Globally, the box office is expected to climb from $29.7 billion in 2024 to $37.7 billion by 2029—still short of the $39.4 billion earned in 2019.
PwC’s report also observes the long-term evolution of the U.S. film sector. “In recent years, the U.S. film sector has been disrupted. The streamers overturned traditional business models, the pandemic hit the box office, and the 2023 strikes stymied the post-COVID-19 recovery. But U.S. industry history reveals that the sector has experienced challenges many times before, with everything from the conversion to sound to the anti-trust legislation of the 1940s, the arrival of TV as a mass medium in the 1940s and 1950s, and the VHS revolution of the 1970s. In each case, the sector recovered. It is doing so again now.”
The growth that is occurring, the report notes, is largely being driven by franchise films. In 2024, Disney led the U.S. market with Inside Out 2, Deadpool & Wolverine, and Moana 2 among the year’s top five hits. Major studios including Universal, Warner Bros., Sony, and Paramount also scored big with tentpole releases, many of which will extend into 2025. That year is projected to bring a robust slate of 110 films in wide release—up from 95 in 2024.
However, mid-budget films, including many award contenders, continue to struggle at the box office.
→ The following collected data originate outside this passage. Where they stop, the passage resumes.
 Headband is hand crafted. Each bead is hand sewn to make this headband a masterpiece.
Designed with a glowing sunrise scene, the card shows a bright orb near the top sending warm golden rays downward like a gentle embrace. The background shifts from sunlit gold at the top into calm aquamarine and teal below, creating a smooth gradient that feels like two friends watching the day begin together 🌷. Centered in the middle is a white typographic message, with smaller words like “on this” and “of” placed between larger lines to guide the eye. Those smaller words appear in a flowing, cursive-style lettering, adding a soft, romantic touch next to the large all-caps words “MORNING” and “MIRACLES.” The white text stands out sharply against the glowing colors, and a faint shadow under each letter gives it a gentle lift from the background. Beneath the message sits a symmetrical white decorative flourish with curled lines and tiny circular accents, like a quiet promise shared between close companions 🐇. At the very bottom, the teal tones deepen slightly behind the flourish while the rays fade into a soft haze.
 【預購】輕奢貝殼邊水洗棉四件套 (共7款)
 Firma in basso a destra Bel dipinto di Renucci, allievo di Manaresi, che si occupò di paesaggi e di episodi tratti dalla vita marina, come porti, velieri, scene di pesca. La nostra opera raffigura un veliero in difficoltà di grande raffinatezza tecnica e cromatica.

According to the report, “These are the pictures that spectators seemingly prefer to watch at home.”
PwC also signals a decline in experiments with simultaneous theatrical and streaming releases. “This reveals a shift in the studios’ mindset and an acknowledgement that releasing in cinemas first is still regarded as the most reliable way to drive ancillary sales,” the report says, noting that streamers like Apple and Amazon MGM have committed to theatrical windows for major films.
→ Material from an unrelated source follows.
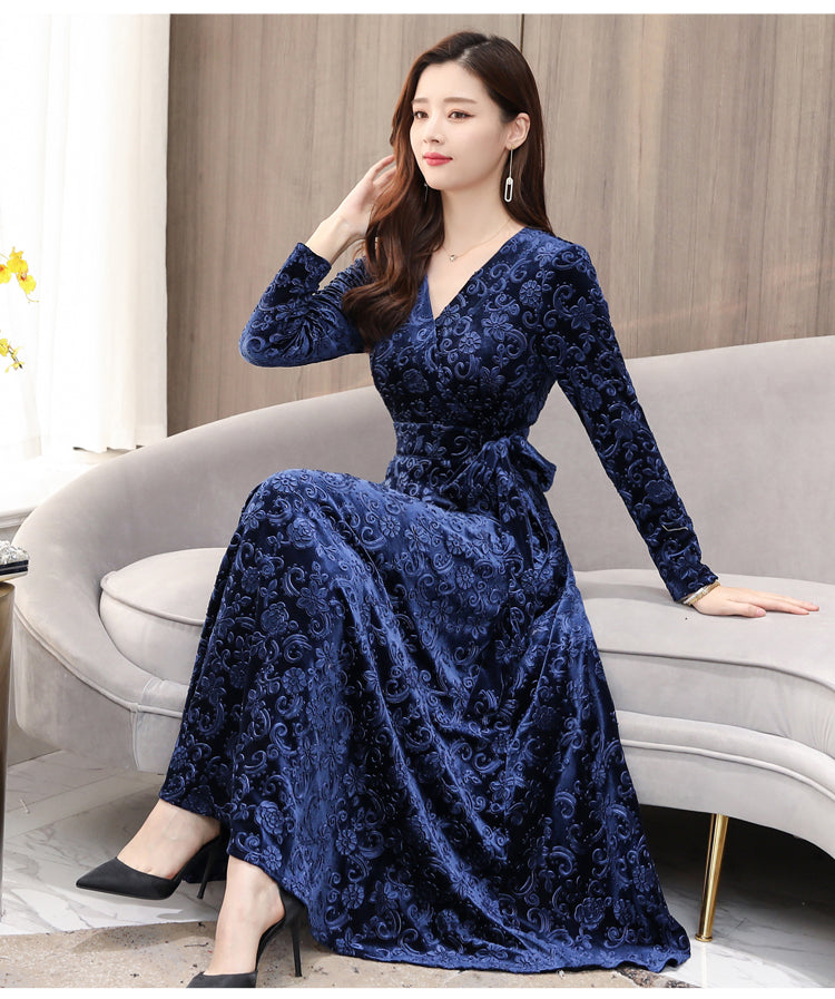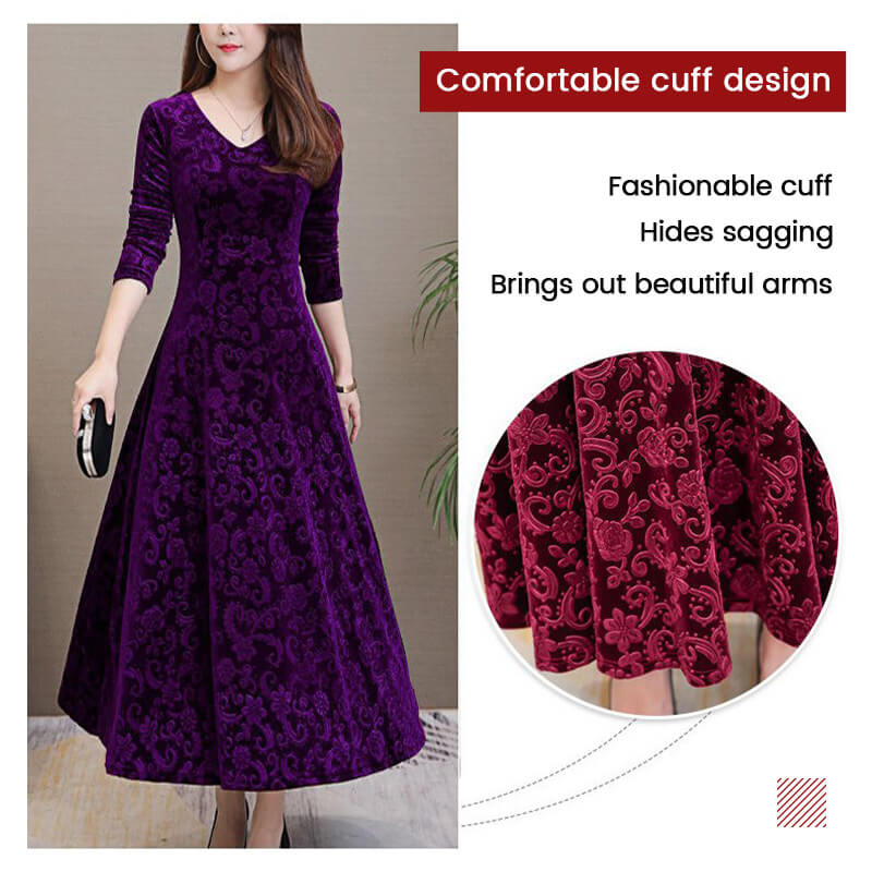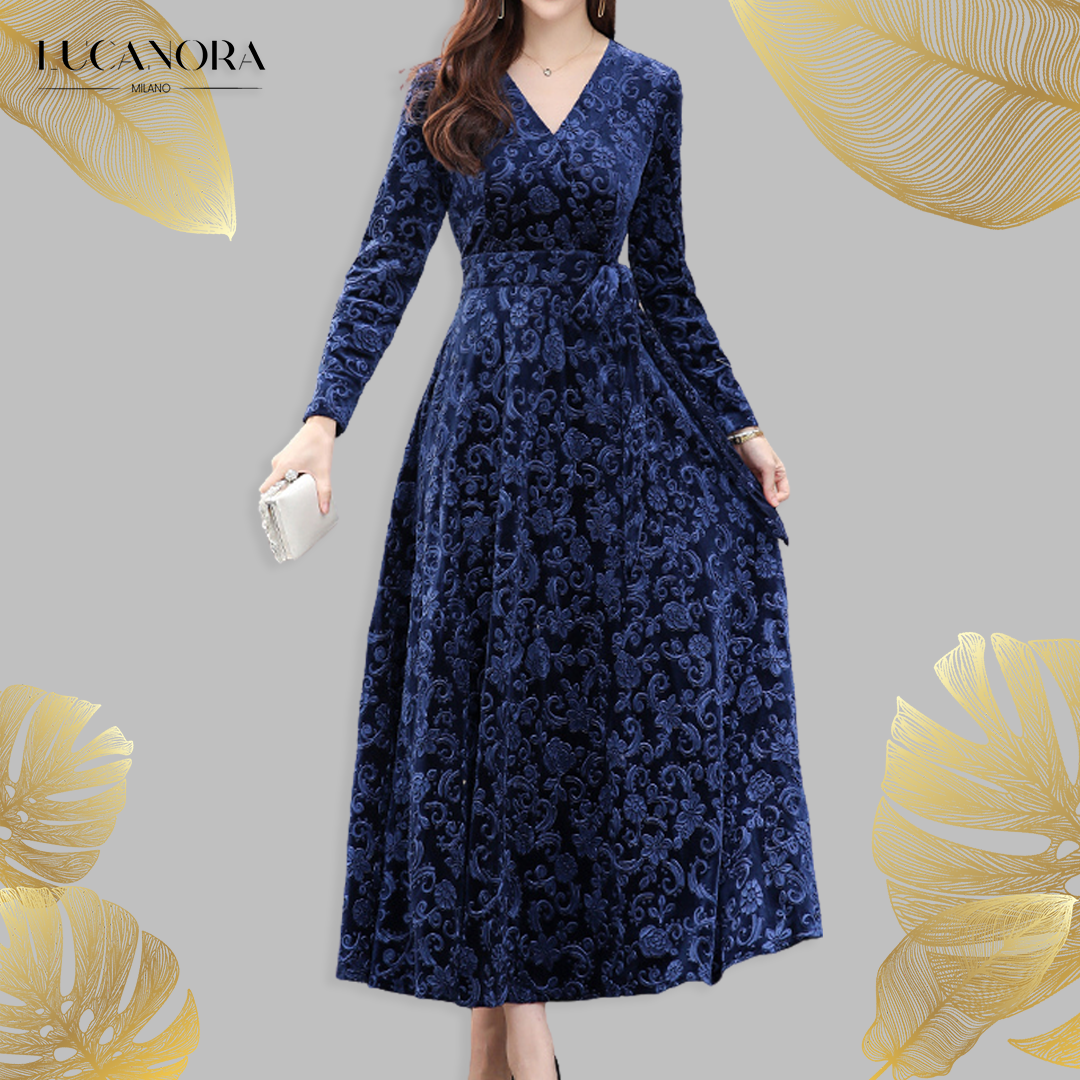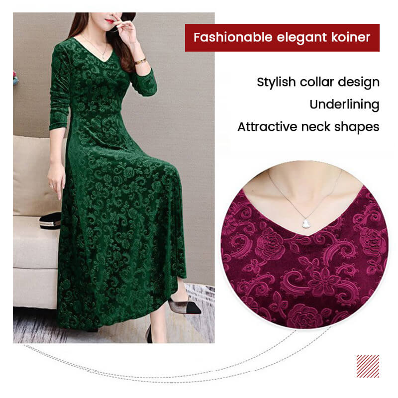 Tyto luxusní šaty jsou ztělesněním sofistikovanosti a stylu, ideální pro ty, kteří chtějí zanechat trvalý dojem. Tyto šaty, vyrobené z nádherné sametové tkaniny, vyzařují opulentnost a pohodlí. Díky sytým, bohatým barevným variantám se budete cítit jako královská rodina a měkká, plyšová textura vás bude objímat vnitřní elegancí.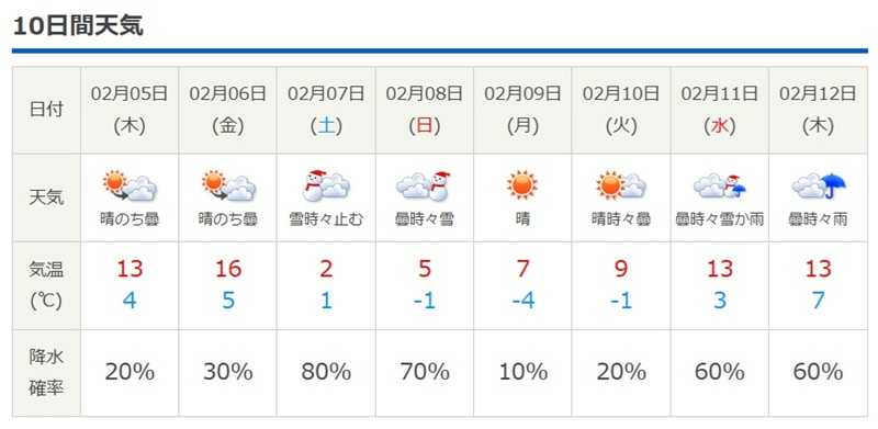 (c)tenki.jp金曜日から土曜日の落差がとんでもないことになってるな、と。みるだけで気分よろしくなくなりそうです。週明けの最低気温-4度というのもあまり見ない数字です。体調管理おだいじに。

Though Netflix continues to prioritize streaming, even for prestige films like Emilia Pérez, which earned 13 Oscar nominations despite only a limited theatrical run, other studios are leaning into cinema’s appeal. “U.S. exhibitors have been trumpeting research that suggests the public is re-embracing the theatrical experience,” PwC states, citing UCLA findings that label opening weekend cinema visits as the top activity choice among people aged 10 to 24.
To attract premium audiences, cinemas have leaned into luxury upgrades, loyalty clubs, and immersive formats like PLF (Premium Large Format) and IMAX. As of 2024, North America hosts 950 large-format screens—up 37 percent from five years ago—and 2025 will see at least 14 films shot in IMAX hitting the big screen globally.
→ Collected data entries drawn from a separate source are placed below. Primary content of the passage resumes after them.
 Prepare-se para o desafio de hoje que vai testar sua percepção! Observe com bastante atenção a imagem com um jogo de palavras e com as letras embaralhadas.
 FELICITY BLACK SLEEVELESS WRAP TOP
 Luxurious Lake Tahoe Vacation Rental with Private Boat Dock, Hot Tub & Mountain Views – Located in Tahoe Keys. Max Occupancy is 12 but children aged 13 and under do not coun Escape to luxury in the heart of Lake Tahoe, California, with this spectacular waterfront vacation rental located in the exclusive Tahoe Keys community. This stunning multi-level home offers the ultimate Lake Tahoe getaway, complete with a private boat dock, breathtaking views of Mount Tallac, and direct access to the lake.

One of the biggest structural shifts came in 2024, when Sony acquired the Alamo Drafthouse theater chain—becoming the first major studio to own exhibition assets since the 1940s. “Anti-trust legislation that had been in place for over 70 years, from 1948 to 2020, meant that Hollywood studios were previously prevented from owning their own movie theatres,” PwC explains. Now, with those restrictions gone, other studios may follow suit, enabling full vertical integration in Hollywood once again.
Despite the bumps in the road, the study suggests that the cinema industry is gradually adapting. While full recovery is still five years away, the groundwork is being laid for a long-term resurgence—one fueled by high-impact tentpoles, rising premium experiences, and the enduring power of the theatrical release.